Many faithful Christians today sense that the world has been turned upside down. Basic social values that once seemed immovable appear to be collapsing, particularly sexual ethics. Secular and Christian pundits alike are sounding alarms about the present state of American culture and civil order.

In the wake of these social realities, some Christians are asking tough questions. Do churches need to reexamine their message and mission? Have American Christians been wrong about the church’s responsibility and perhaps even the gospel?

In the past five years or so, a number of voices have begun to answer these questions. They say society’s ills can be traced, in part, to the church’s neglect of theonomic principles.

Today’s theonomists teach that the church has rightly preached Christ, justification by faith alone, and the need for reconciliation of individual sinners to God, but it has ignored the public aspect of the gospel. The whole gospel, they say, involves proclaiming and practicing God’s Old and New Testament law in society as the way to obtain God’s social and cultural blessings on earth. They teach that Christ obtains his victory over the world through the church’s obedience to God’s law and society’s implementation of God’s law across every domain, especially the self, the home, and the civil government.

Theonomists teach that the true mission of the church can be seen in the mandate God gave to Adam in the garden to take dominion over the earth and subdue it. Though Adam sinned and brought the curse upon the earth, Christ came to save his people, which includes enabling us to accomplish the original mandate given to Adam.
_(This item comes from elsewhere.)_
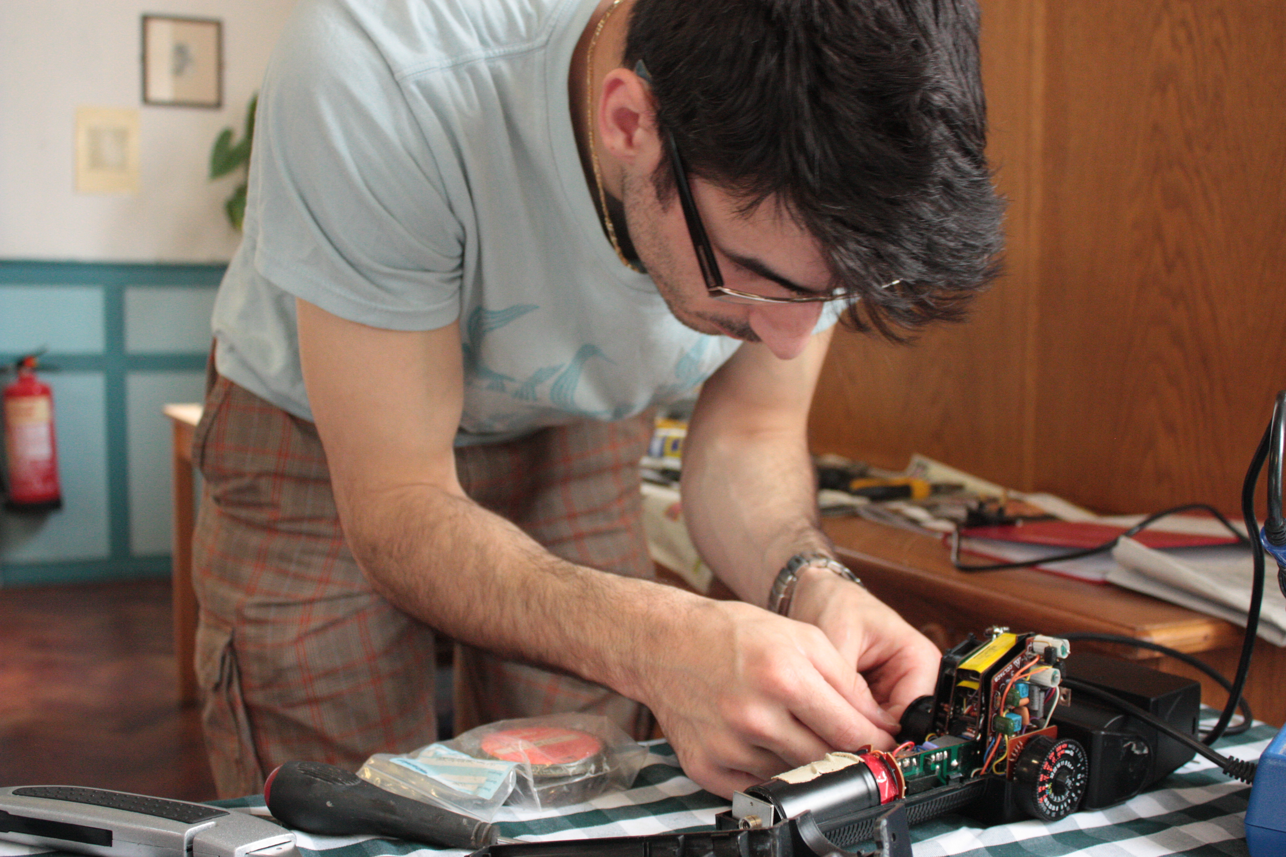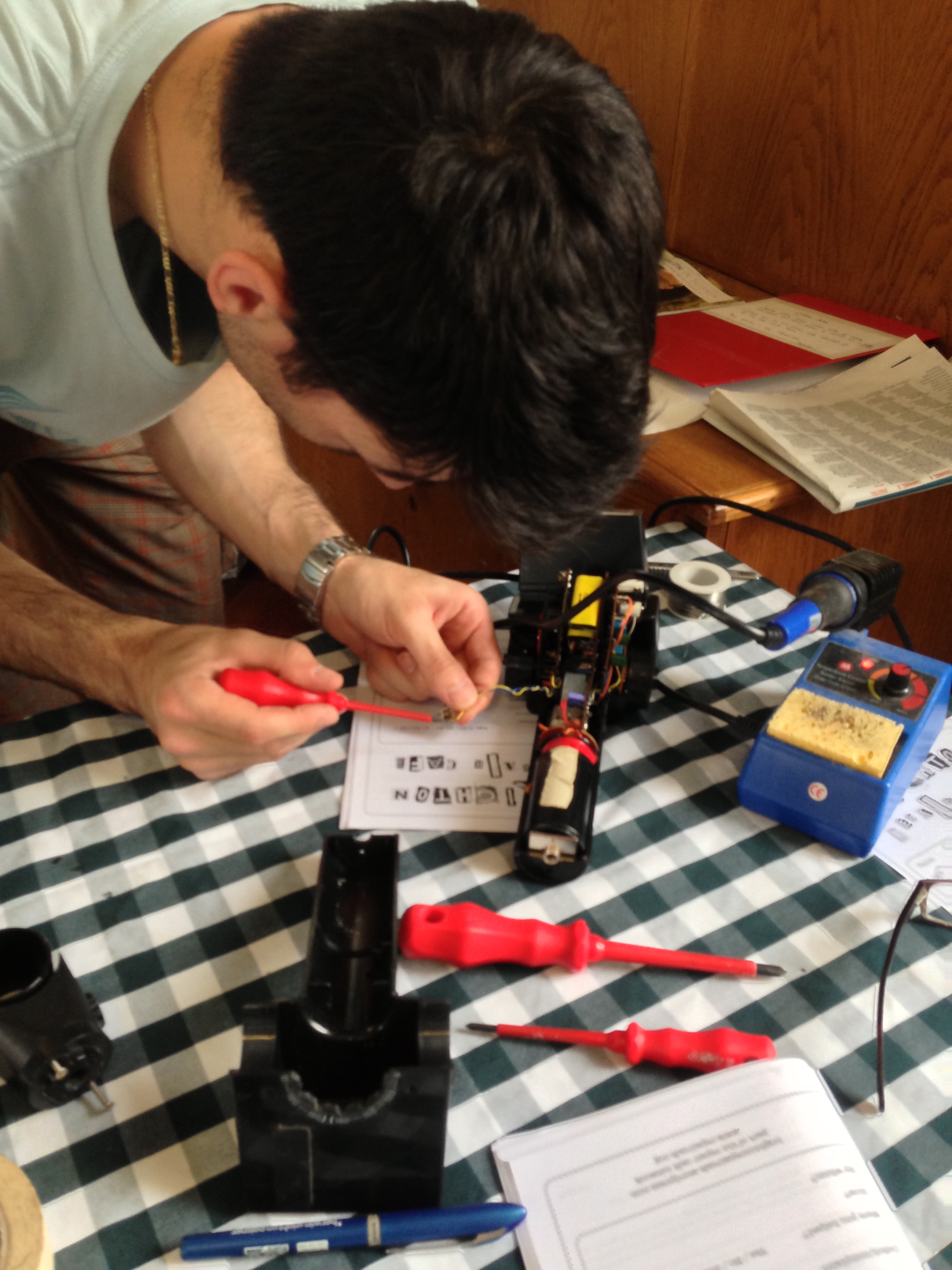 Meanwhile inside Nikolay our new electrical repair volunteer analysed why Amanda Jackson‘s camera flash gun was not working.

This is an important point to grasp. It means the church has not fully accomplished its mission by preaching the Lord Jesus, his law, and his gospel to every tribe and tongue for the conversion of souls and the building up of churches. Rather, the church must also work for transforming the kingdoms of this world into the kingdom of our Lord and Christ. It does this by teaching the nations God’s law and working to implement it. They also believe the church will assert its dominion, promised by the gospel, through the masculine leadership of godly men in their homes, churches, and societies.
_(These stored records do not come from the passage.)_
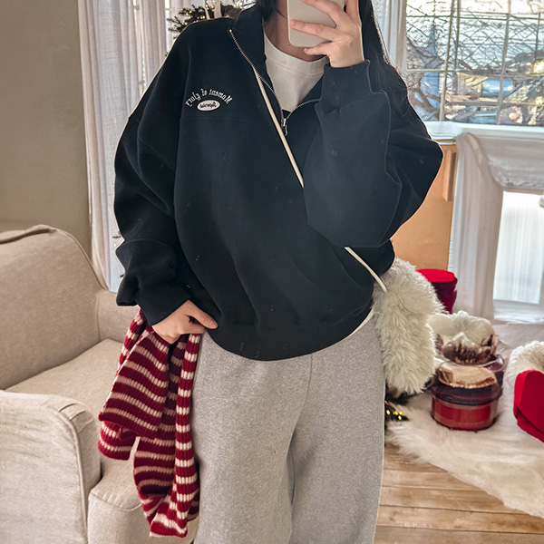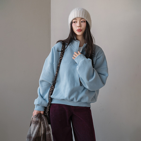 MOMENT WOOL NAPPING SEMI-ZIPUP SWEATSHIRT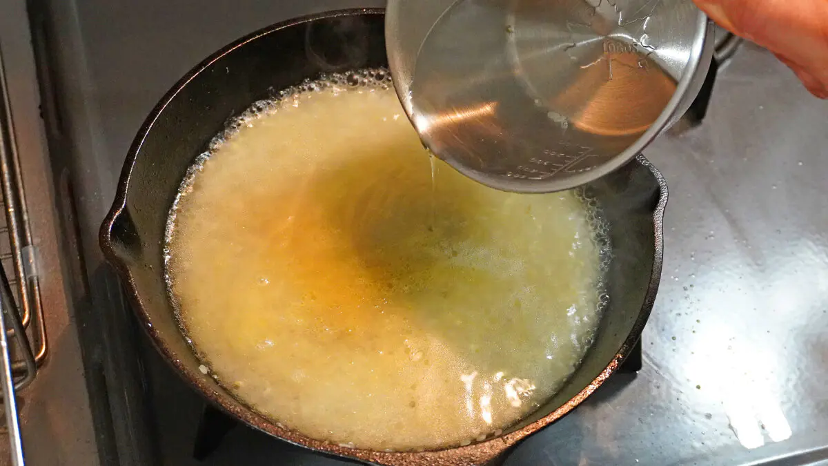 水150ccをスキレットに入れ、お湯を沸かします。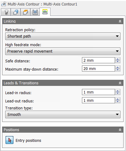 The Multi-Axis Contour strategy for machining is done with the tip of the tool along a given contact curve. By default, the tool is normal to the surface but lead/lag and sideways tilt can be applied, when desired, to control the contact point on the tool. The strategy allows center, left, and right compensation.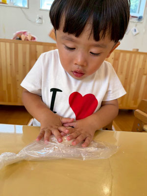 カットしたバナナをジップロックに入れて渡すと、ゆっくり丁寧にバナナをつぶす子、ペースト状になるまで力いっぱいつぶす子など、一人ひとり違う様子を見ることができました。また、形→ペースト状になる変化も体験することができました。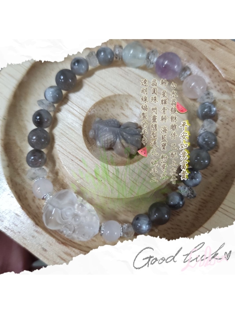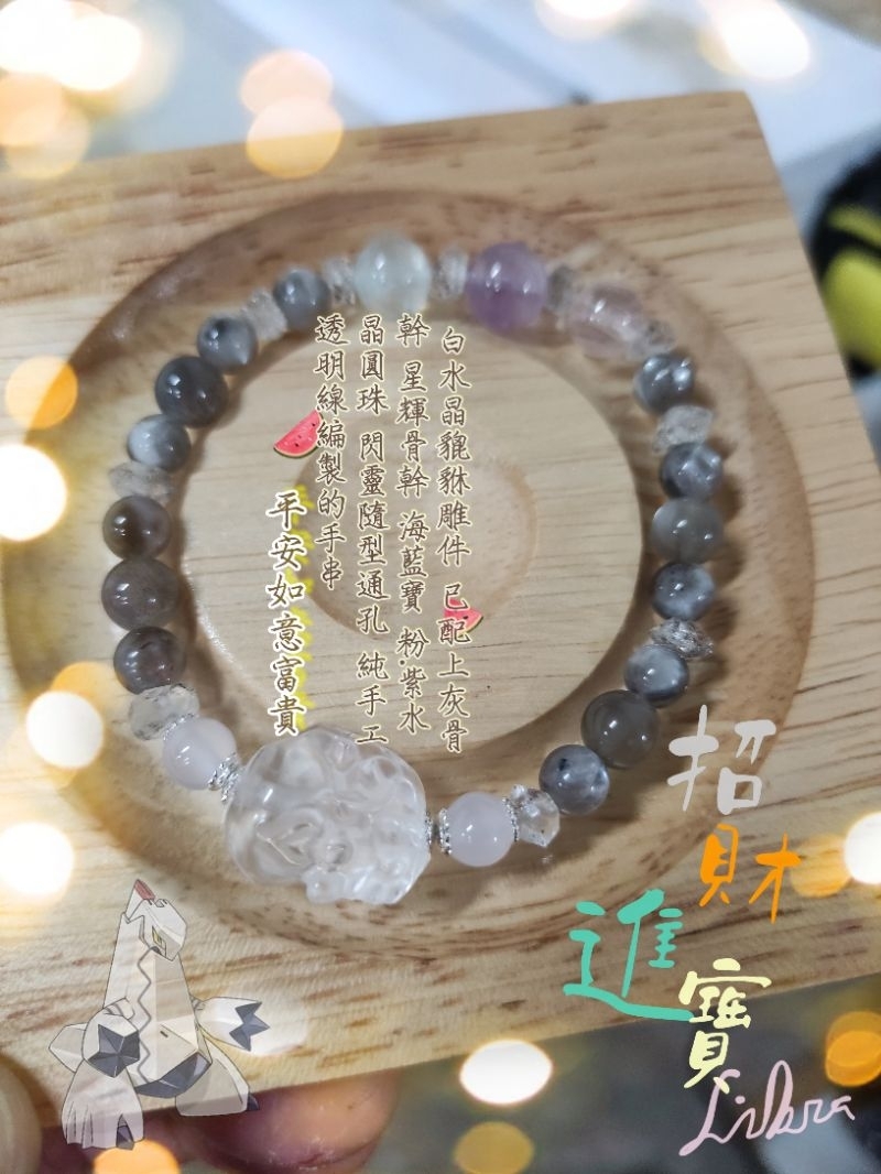 🐯白水晶貔貅雕件🐅 🌿已配上白瑪瑙 灰骨幹 星輝骨幹 海藍寶 粉 .紫水晶圓珠 閃靈鑽隨型通孔 純手工透明線編製的手串📿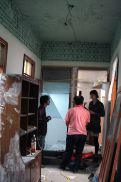 공사를 막 시작했던 두 달 전 모습을 기억하는 본 글쟁이에게 현재 산호여인숙은 전혀 다른 공간이었다. 오랫동안 사람 손길이 닿지 않아 낡고 음침한 분위기(귀신 나올 법한)마저 감돌았던 곳이 두 달여 만에 산뜻하게 변했다. 천장을 뜯어내고 페인트를 다시 칠했으며, 타일도 새로 붙였다. 이제 조금만 정리하면 여느 숙박시설 못지않게 쾌적한 곳이 될 것 같았다.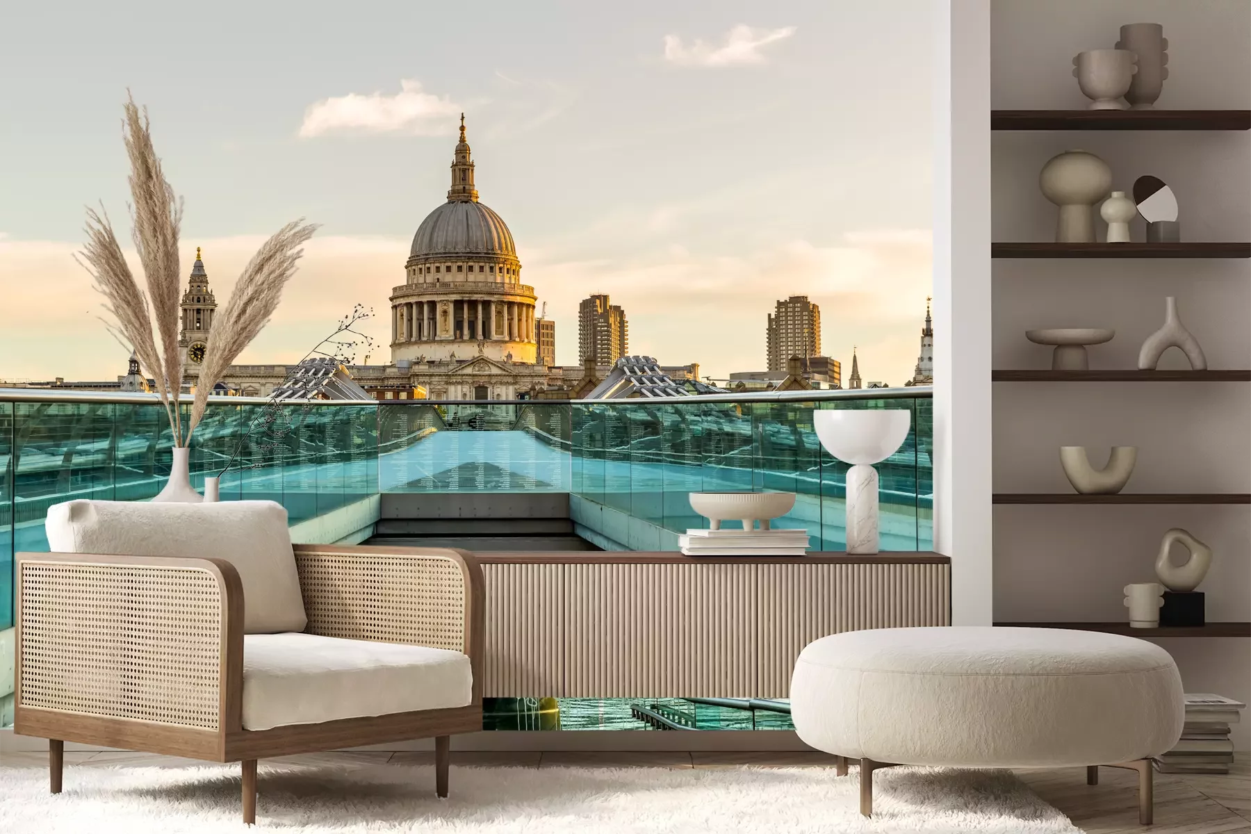 Het materiaal Premium+ is een gestructureerd vinyl op vlies met een gewicht van 255 g/m², dat kleine oneffenheden in de muur effectief camoufleert. De subtiele structuur van fijn zand geeft het oppervlak een exclusieve uitstraling, terwijl de halfmatte afwerking de diepte van de kleuren benadrukt. Het materiaal is dampdoorlatend, waardoor het ook in de keuken en badkamer kan worden gebruikt. De maximale breedte van één baan bedraagt 100 cm – bij grotere afmetingen wordt het fotobehang in meerdere gelijke banen verdeeld. De lijm wordt direct op de muur aangebracht en het behang wordt rand-aan-rand geplakt, wat zorgt voor een esthetisch resultaat zonder zichtbare naden. Het oppervlak kan gemakkelijk worden schoongemaakt door het voorzichtig af te nemen met een vochtige doek.

Theonomy began as an American Calvinistic movement in the latter half of the twentieth century. It developed from the work of R.J. Rushdoony, who established the Chalcedon Foundation. Later, Rushdoony’s son-in-law, Gary North, also promoted theonomy through teaching and writing, but Greg Bahnsen was probably the most articulate advocate of the older Theonomy.[1] Today, similar versions of Theonomy are taught by public figures such as Doug Wilson, Jeff Durbin, and James White.[2] Theonomists today are generally characterized by four elements: “General Equity Theonomy,” postmillennialism, dominionism, and migration. Consider the meaning of each of these terms.

‘GENERAL EQUITY’ THEONOMY

Theonomists hold that churches will advance Christ’s kingdom by implementing the “general equity” of Old Covenant judicial law among the nations today. While the historic Reformed confessions such as the Westminster Confession do indeed refer to the “general equity” of Old Covenant judicial law as instructive today, theonomists seem to use that term differently.

Historic Reformed orthodoxy taught that only the transcendent moral and natural law contained in the Old Covenant judicial law remains binding across all times and peoples. For example, Francis Turretin said that the application of Old Covenant judicial law must be based on the Ten Commandments, the New Testament, and what can be observed as common practice across Gentile nations. Theonomists, however, appear to be willing to find universal principles of application apart from such hermeneutical controls.[3]

POSTMILLENNIALISM

Doug Wilson states, “Postmillennialists have a very optimistic view of the future of this world, believing that the Great Commission is going to be successfully fulfilled and that the nations will overwhelmingly turn to Christ.”[4]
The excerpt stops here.